Di internet non si parlava quindi il Mei divenne un punto di riferimento per i circuiti alternativi underground: era un diluvio di t-shirt, cassette, cd. Oggi siamo al fenomeno opposto, il prodotto non è più il disco ma il ’live’ con l’autopromozione affidata quasi sempre alla rete. Siamo di fronte alla morte della discografia indipendente che ha generato un grande sviluppo della produzione indipendente. Tant’è che oggi il made in Italy con la globalizzazione è tutto indipendente, ed è una grande vittoria del Mei e di tutti coloro che hanno operato nella filiera indie anche a discapito della major che vent’anni fa le osteggiavano. Ora questo know how è a vantaggio anche dei big italiani diventati nei fatti indipendenti».
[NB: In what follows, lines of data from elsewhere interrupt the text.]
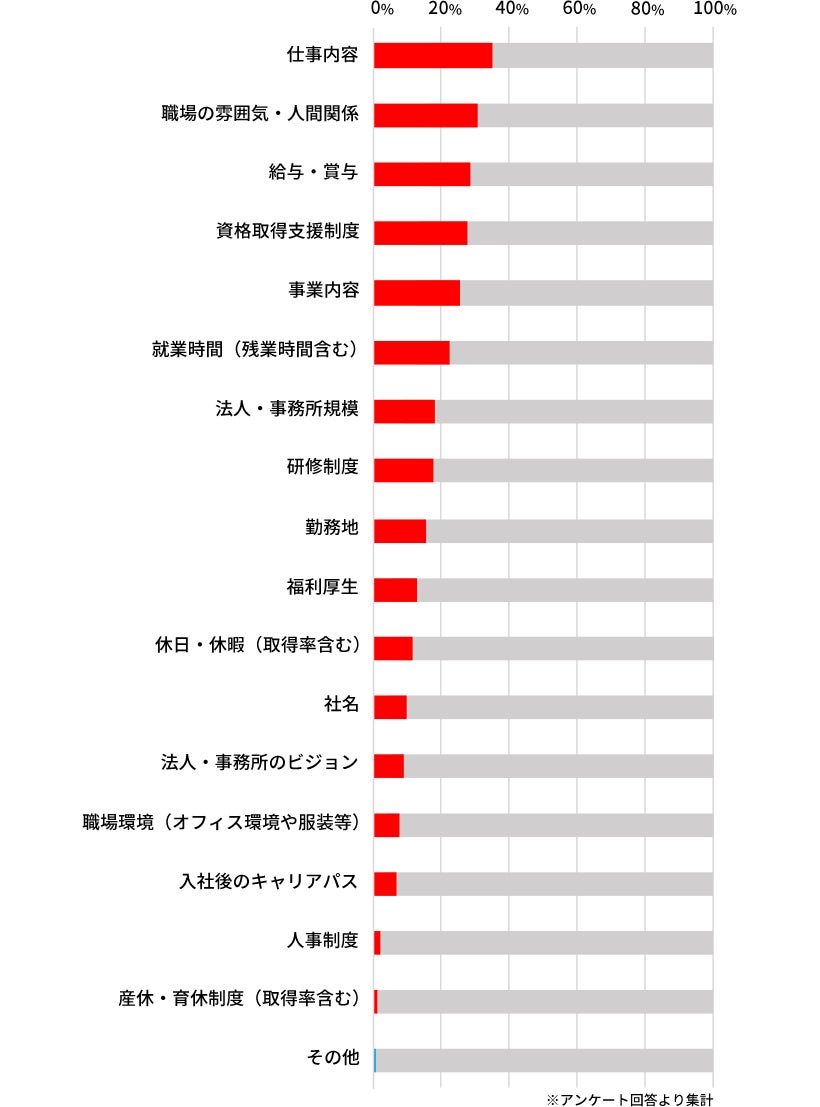 全体で最も回答が多かったのは「仕事内容」で、次いで「職場の雰囲気・人間関係」「給与・賞与」「資格取得支援制度」となった。世代別で最も多かった回答は、学生:「資格取得支援制度」、20代以下(学生除く)・30代・40代以上:「仕事内容」であった。
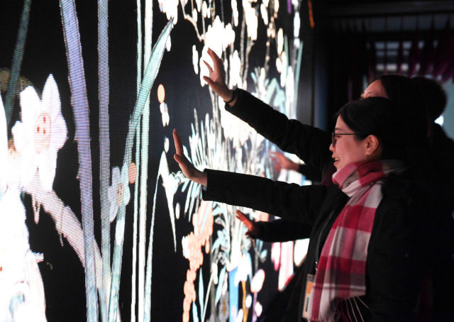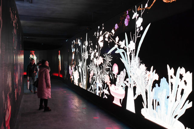 這是1月21日拍攝的數(shù)字沉浸體驗(yàn)展“花開歲朝”部分。
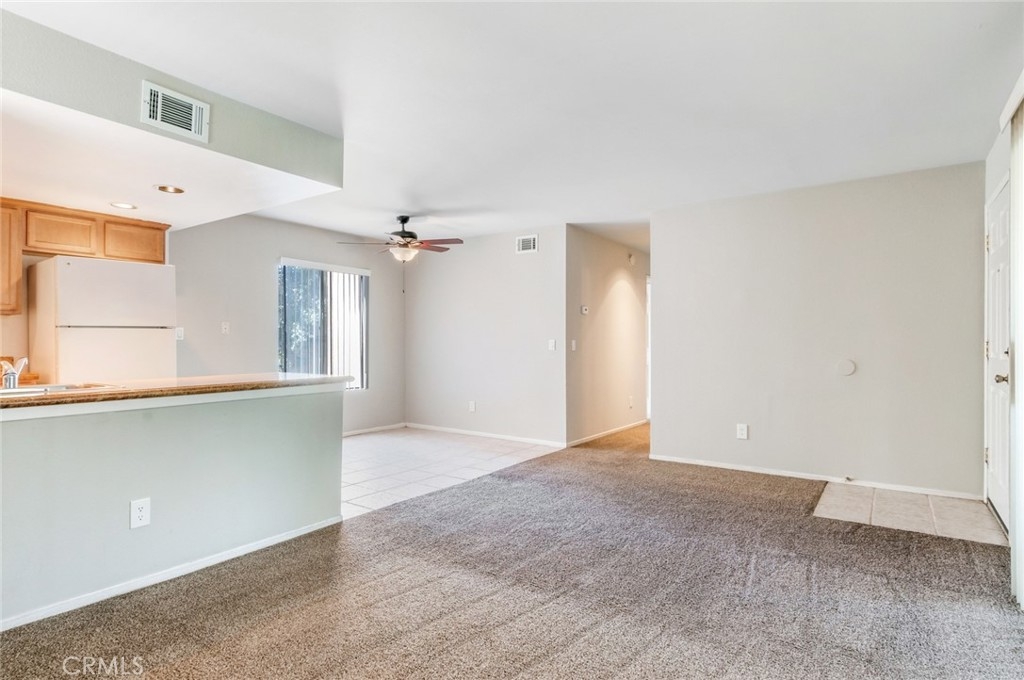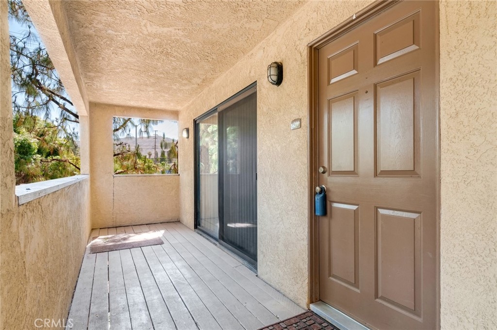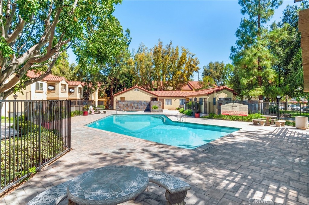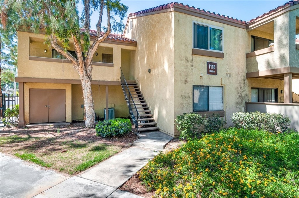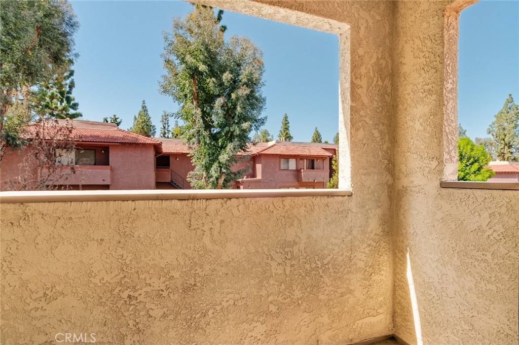 The perfect starter home or investment property! This condominium is located in the gated Woodlands community near UC Riverside and just a short drive to Downtown where you'll find restaurants and entertainment. This end-unit, 2 bed 1 bath condo has a private staircase entrance leading you to a spacious front patio. Entering the unit you'll be greeted by the living room that opens up into the kitchen/dining area. Kitchen with tile flooring includes refrigerator, gas stove/oven and attached microwave. Living room, hallway, and bedrooms all have carpet. The hallway leads you to the first bedroom to your left and bathroom to your right. The bedroom at the end of the hall leads to a second private balcony. Garage below unit and parking #404. Great location, this property won't last long!
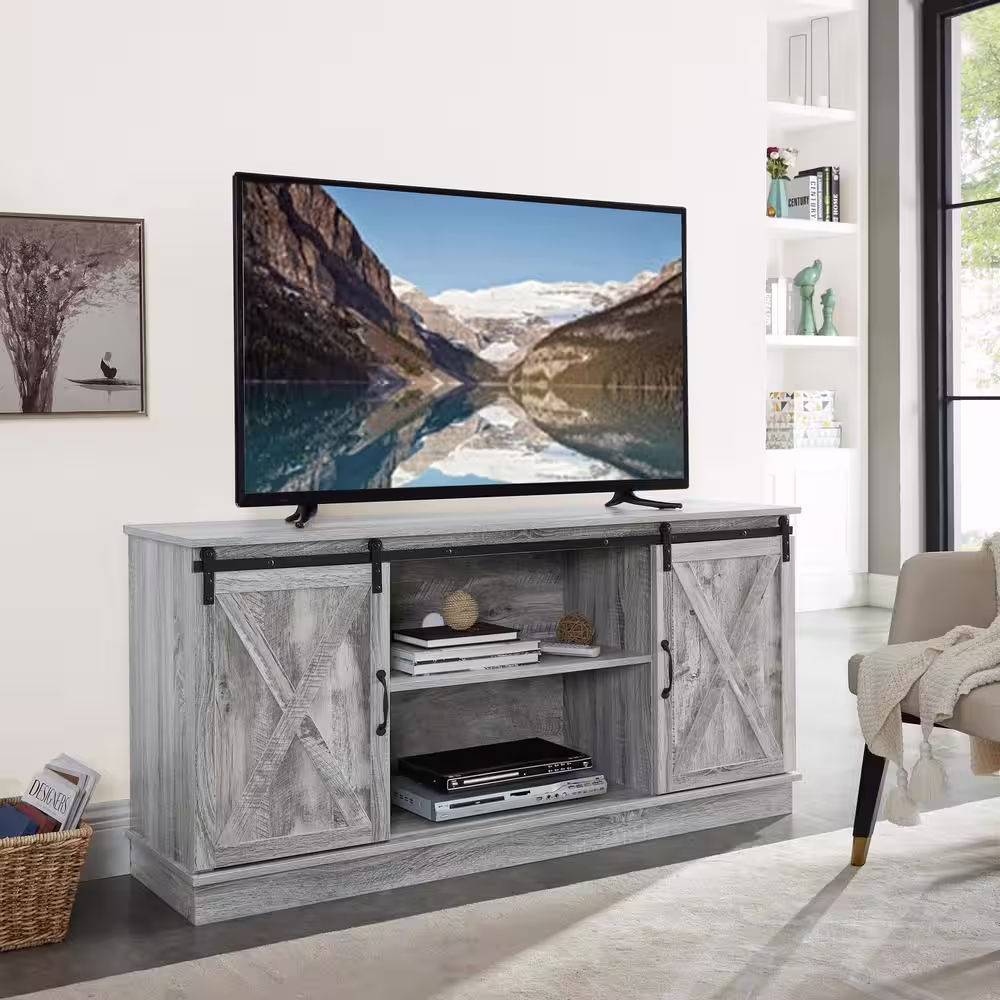 HOMESTOCK 58 in. Gray Farmhouse TV Stand, Rustic Wooden 60 in. TV Console Cabinet with Sliding Barn Doors Entertainment Center

Molta miopia l’hanno dimostrata i grandi gruppi discografici, non comprendendo per tempo la portata della rivoluzione…: «Una miopia generale, va riconosciuto. Anche il mercato indie ha commesso una leggerezza non trasformando in digitale tutto un patrimonio musicale degli ultimi vent’anni. Nel 2001 come Mei – ai tempi di Vitamic – tentammo di creare attraverso un portale, Volare, una sorta di aggregazione di produzioni indipendenti. C’era anche la disponibilità della discoteca di stato di darci materiale degli anni ’70 riversato su digitale. Ma non se ne è fatto nulla. Ormai il disco è destinato a diventare materiale per presentazioni o per nicchie come è oggi la produzione del vinile».
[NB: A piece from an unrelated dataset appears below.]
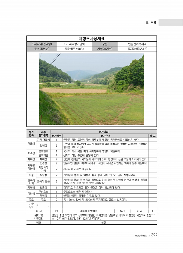 Ⅲ. 부록 www.nie.re.kr ? 399 지형조사상세표 조사지역 권역명 17-서부평야권역 구분 민통선이북지역 코스명 연번 덕현골코스 03 지형명 기호 곡저평야 GS12 평가 항목 세부 평가항목 평가방법 평가점수 평가근거 비 고 대표성 지역 대표성 1 연천군 중면 도연리 곡의 상류부에 발달한 곡저평야로 대표성은 낮다. 전형성 3 유수에 의해 산지에서 공급된 퇴적물이 곡에 퇴적되어 형성된 지형으로 전형적인 형태를 보이고 있다. 희소성 분포빈도 1 국내의 대소 곡을 따라 곡저평야의 발달이 탁월하다. 분포패턴 1 산지의 하천 주변에 발달해 있다. 특이성 특이성 2 원생대 천매암의 퇴적물이 퇴적되어 있어, 편평도가 높은 역들이 퇴적되어 있다. 재현불 가능성 민감성 2 인위적인 변형이 이루어지더라고 시간이 지나면...

La tecnologia corre veloce e oggi anche l’Mp3 su cui tutti puntavano in realtà è stato già superato dallo streaming. L’operazione Apple-U2 in qualche modo ha sancito che la discografia tradizionale è ormai nei fatti surclassata dai nuovi colossi web, il «dispositivo» sopravanza il contenuto, ovvero la musica…: «La battaglia è proprio sul digitale. Lo sanno benissimo quelli di YouTube che hanno proposto qualche mese fa quei contratti capestro che se non accettati, avrebbero visto cancellati tutti i video indie dalla piattaforma.

È un serio ammonimento, perché se i gruppi indipendenti – che pure fatturano cifre non indifferenti – non si coalizzano rischiano di perdere questa guerra. Anche la vicenda degli editori contro Amazon, come è successo in Francia recentemente, deve indurci a delle serie riflessioni. Se non si trovano delle opportunità alternative si finirà in mano a sette otto monopolisti che alla fine ti uccideranno».

È la grande «contraddizione» della globalizzazione: «Negli ultimi vent’anni con fatica, gli indipendenti erano riusciti a conquistarsi un 25% del mercato grazie al supporto fisico, e non solo nel campo musicale a trarne beneficio sono stati cinema e dell’editoria».

L’edizione 2014 «finale» del Mei è nel segno di Freak Antoni, il leader degli Skiantos morto a febbraio: «Lui è stato il più indipendente di qualunque altro indipendente. Un amico personale e soprattutto del Mei dove è venuto sempre. Lo ricorderemo con una serie di iniziative: presentazioni di novità e ristampe riguardanti gli Skiantos e lanceremo una raccolta fondi attraverso un’asta di cimeli a lui dedicata per allestire una mostra». Il futuro del dopo Mei: «Non c’è ancora una idea concreta, ma vorremmo mettere insieme le menti migliori del settore. Ci proviamo».